今日からは中流域のトンボ観察に切り替えます.まずはアオハダトンボ,グンバイトンボ,アオサナエの観察です,と,いつもの観察場所へ行きましたら,すっかり川の様子が変わっていました.
植生がほとんど剥ぎ取られ,堆積していた土砂が約50cmほど掘り下げられていました.二つに分かれていた流れは,向かって左側の一つだけを残して埋め立てられています.そして重機で平らにされていました.去年の夏に来たのが最後ですので,それ以降に工事がなされたようです.これでこの観察地も終わりか... ちょっとショックを受けながら,とりあえず生き残っているトンボたちを探そうと,いつもより広い範囲を捜索しました.

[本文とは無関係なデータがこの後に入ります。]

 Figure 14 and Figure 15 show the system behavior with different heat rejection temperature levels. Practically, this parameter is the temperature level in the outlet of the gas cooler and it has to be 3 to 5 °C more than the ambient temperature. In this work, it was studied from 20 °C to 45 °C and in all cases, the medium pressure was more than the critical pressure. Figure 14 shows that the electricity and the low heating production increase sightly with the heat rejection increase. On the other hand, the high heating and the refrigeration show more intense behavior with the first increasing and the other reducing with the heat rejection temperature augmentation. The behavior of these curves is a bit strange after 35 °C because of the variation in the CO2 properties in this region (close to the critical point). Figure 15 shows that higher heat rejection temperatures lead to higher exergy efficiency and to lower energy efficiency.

まず降りて見つけたのはアオサナエです.流れが全般に浅く平らになっていて,流れ全体が明るくなっているので,アオサナエ好みの状態になっているせいでしょうか,オスが10頭以上集まっていました.
これだけいればメスも来るかもしれないと思い楽しみにしながら探索を続けました.しかしアオサナエの嬉しい状況に反して,アオハダトンボ,グンバイトンボ,セスジイトトンボなど,植物内産卵をして,流れの植生内に幼虫が潜んでいるトンボたちの姿が全くありません.クロイトトンボがちょっと飛んでいるだけです.

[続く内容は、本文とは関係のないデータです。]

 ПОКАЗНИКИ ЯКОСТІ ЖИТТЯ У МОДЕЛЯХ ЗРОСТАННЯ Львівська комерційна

水際を歩きながらさらに捜索を続けますと,水際から飛び立つコオニヤンマの処女飛行が見られました.続いて,オジロサナエの処女飛行も見られました.その後も処女飛行は数多く見られ,コオニヤンマは7頭,オジロサナエは6頭飛び立つのを観察しました.アオサナエにしても,コオニヤンマ,オジロサナエにしても,砂の中に潜り込んで生活している幼虫は無事羽化に至っているようです.
川をよく見てみると,水の流れている部分は結構大きな岩も転がっていて,どうやら重機は,土砂が堆積している部分だけを掘り起こしたように見えます.それでサナエトンボたちは無事なのでしょう.その後もサナエトンボたちは次々に見つかります.
ホンサナエのメスは,卵塊をつくるような動きをし,飛んで打水する行動も見られましたが,卵塊は見られませんでした.
ここで以前から見られたサナエトンボはすべてその姿を見ることができ,どうやら流れそのものに手がつけられていないことは事実のようです.しかし,均翅類のトンボの姿が見えません.が,いつもの場所からかなり離れたところで,やっと1頭のアオハダトンボを見つけました.
かろうじて生き残っていました.さらにグンバイトンボも1頭,セスジイトトンボも3頭(うち2頭はタンデム)見つけました.ほんの少しだけ生き残っているみたいです.
まだ付近の流程をすべて捜索したわけではありませんので,均翅類も生き残っているかもしれません.さらに上流の方には植生も残っているみたいですし,そちらへ避難しているかもしれません.しかしこの少なさは,ほぼ壊滅状態と言ってよいでしょう.特にアオハダトンボやグンバイトンボのような,他の個体群から孤立している種は,これだけ少なければ,アリー効果によってこの生息場所では絶滅するかもしれません.今後しばらくは目が離せません.
さて,ここの調査はこれくらいにして,もう一つ今日は行こうと思っているところがあります.掲示板によく投稿してくださるRONNIEさんからの情報で,私たちが共通に知っている池でムスジイトトンボが羽化したということなので,それを見に行くつもりです.ムスジイトトンボは,最近,たくさん集まっているところが少ないので,状況を知りたいと考えていました.結果は,たくさん集まっていました.ただオスばかりで,潜水産卵していないかと水中に目を凝らしたり,周りの草むらなどを探し回りましたが,メスは見つかりませんでした.
よく見ると,中にセスジイトトンボも混じっていました.少し小型で,頭部と胸部の青の部分が,飛んでいるときにややうす緑色に見え,アオモンイトトンボみたいに感じられるのがセスジイトトンボでした.
下の写真は,この池のムスジイトトンボと先の川で見つけたセスジイトトンボの比較です.上の写真と比べれば,セスジイトトンボとわかります.
ということで,今日はショックを受けましたが,トンボたちの復活を望みたいものです.そういえば,よく出かけていたヒメサナエとオジロサナエの繁殖場所も少し以前に破壊されたのですが,ここもまた一度どうなっているか見に行くことにしましょう.
最後にゲストです.今日はイシガケチョウを見ました.温暖化で北上しているのではないかと言われているチョウです.翅の破れもない新鮮な個体でしたので,このあたりで羽化したのかもしれません.